▶ **PROMPT**
Please, starting at the line that contains "式中,k是湍动能; xj为坐", reproduce every line exactly until the records run out, skipping all pictures.

——————————

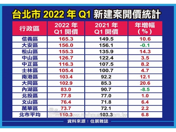 根據住展雜誌統計,大台北今年Q1新成屋、預售屋建案平均開價連袂創下歷史新高,其中台北市新建案Q1平均開價約每坪110.3萬元,比去年同期每坪增加約7萬、年增幅約6.8%;新北市今年Q1新成屋、預售屋平均每坪開價約50.6萬元,較去年同期成長約9.8%。
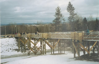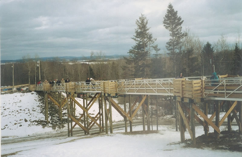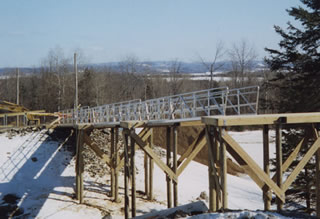 This system of ten gangways was installed to allow pedestrian traffic to pass over the cross country ski trails at the Maine Winter Sports Complex / Olympic Training Facility in Presque Isle, Maine.
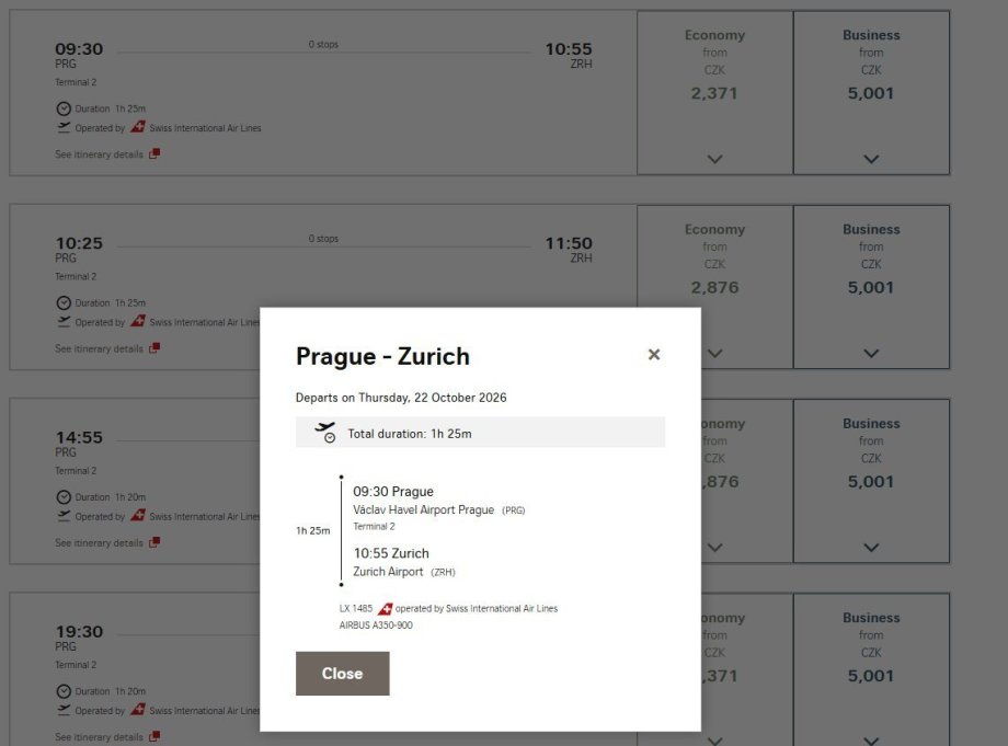 - Trasa: Curych ZRH – Praha (PRG)
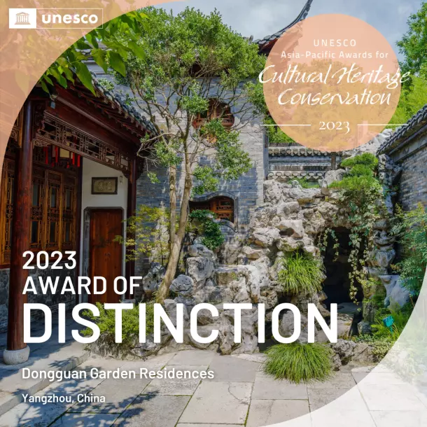 東關(guān)歷史文化街區(qū)位于揚(yáng)州明清古城東北隅,東起古運(yùn)河,西至國慶路,南臨文昌中路,北達(dá)鹽阜東路,面積3.4平方公里,是城內(nèi)迄今保存最為完整、規(guī)模最大的歷史文化街區(qū)。街區(qū)沿線歷史遺存薈萃,其中個(gè)園、汪氏小苑、唐宋東門遺址、逸圃為國家級(jí)文物保護(hù)單位,曹起溍故居、壺園、劉文淇故居、丁姓鹽商住宅等為市級(jí)文物保護(hù)單位。2023年末,聯(lián)合國官網(wǎng)發(fā)布了《2023年亞太文化遺產(chǎn)保護(hù)獎(jiǎng)獲獎(jiǎng)?wù)呙麊巍贰!皷|關(guān)歷史文化街區(qū)園宅保護(hù)與傳承復(fù)興項(xiàng)目”從亞太地區(qū)8個(gè)國家48個(gè)參賽項(xiàng)目中脫穎而出,獲評(píng)聯(lián)合國教科文組“2023年度亞太文化遺產(chǎn)保護(hù)獎(jiǎng)杰出獎(jiǎng)”。是全國唯一獲得“杰出獎(jiǎng)”的文保項(xiàng)目。聯(lián)合國教科文組織在項(xiàng)目評(píng)審語中寫到“東關(guān)歷史文化街區(qū)是傳統(tǒng)文化與當(dāng)代景觀設(shè)計(jì)的完美結(jié)合,為亞太地區(qū)古典園林保護(hù)及活化利用提供了重要參考”。
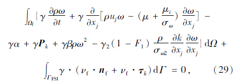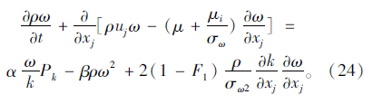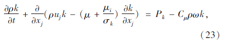式中,k是湍动能; xj为坐标分量;w为耗散率;μ为液体黏性系数;ui,uj为流体的速度分量;Pk为平均应变率的张量模量。
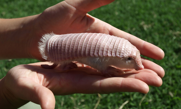 Перед вами, друзья, розовая фея, как её кличут на родине в Аргентине, или плащеносный броненосец. Копать фея умеет очень хорошо, а вот прыгать и сворачиваться – это не ёё, так что 95% времени она проводит под землёй, питаясь там червями, личинками жуков, муравьями, корнями растений, но ночами иногда выползает на поверхность чтобы для разнообразия перекусить наземными насекомыми, которых ловко находит на слух и по запаху. Глаза-то у феи мало что видят.
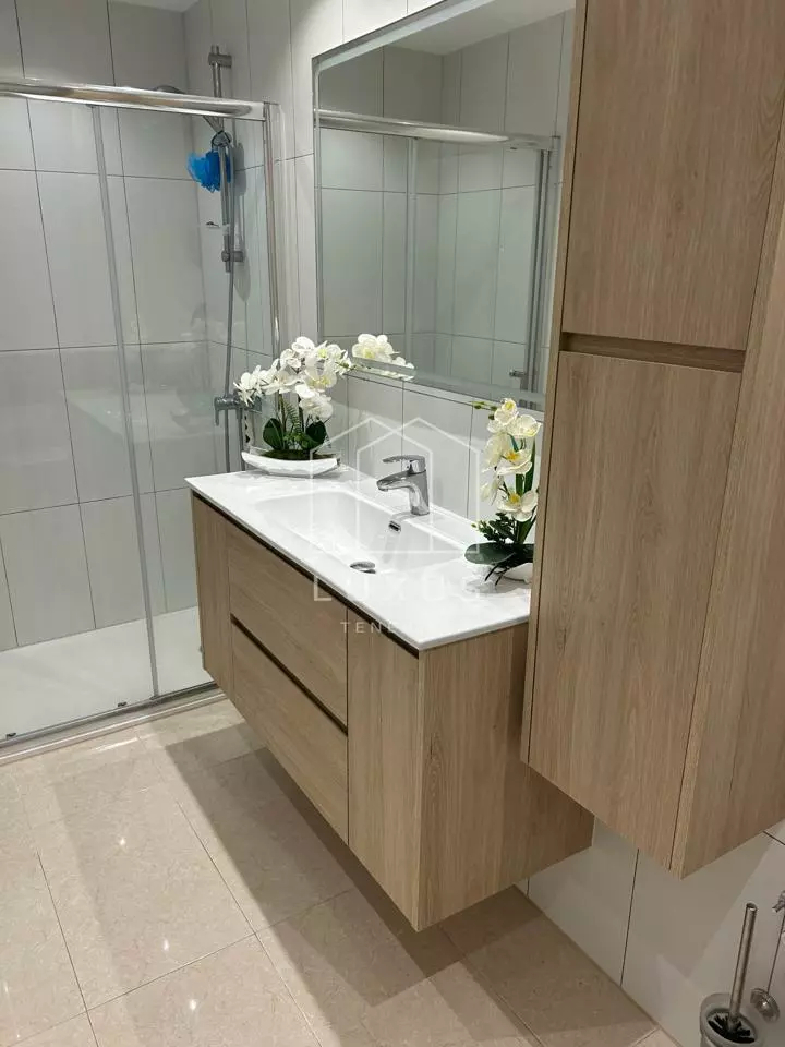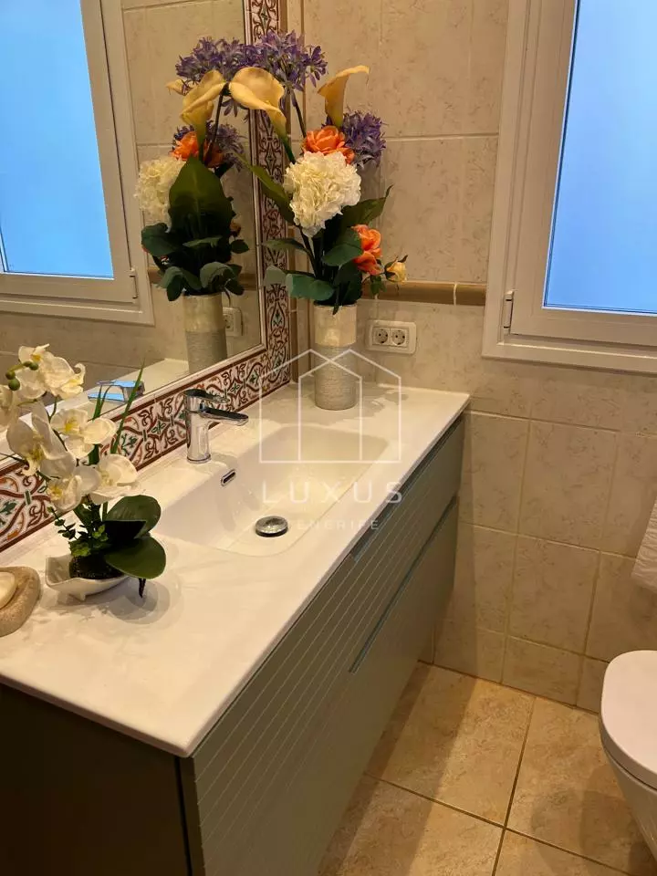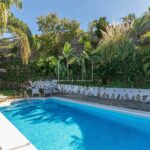 The villa encompasses four bedrooms, including three double bedrooms and one single bedroom, all equipped with built-in wardrobes for organized storage. There are also three en-suite bathrooms, designed for convenience, and a walk-in closet located in the master bedroom. The custom-designed kitchen is outfitted with quartz countertops and high-end Miele appliances, making it suitable for cooking enthusiasts.

——————————

▶ **EXERCISE SOLUTION**
式中,k是湍动能; xj为坐标分量;w为耗散率;μ为液体黏性系数;ui,uj为流体的速度分量;Pk为平均应变率的张量模量。
 Перед вами, друзья, розовая фея, как её кличут на родине в Аргентине, или плащеносный броненосец. Копать фея умеет очень хорошо, а вот прыгать и сворачиваться – это не ёё, так что 95% времени она проводит под землёй, питаясь там червями, личинками жуков, муравьями, корнями растений, но ночами иногда выползает на поверхность чтобы для разнообразия перекусить наземными насекомыми, которых ловко находит на слух и по запаху. Глаза-то у феи мало что видят.
 The villa encompasses four bedrooms, including three double bedrooms and one single bedroom, all equipped with built-in wardrobes for organized storage. There are also three en-suite bathrooms, designed for convenience, and a walk-in closet located in the master bedroom. The custom-designed kitchen is outfitted with quartz countertops and high-end Miele appliances, making it suitable for cooking enthusiasts.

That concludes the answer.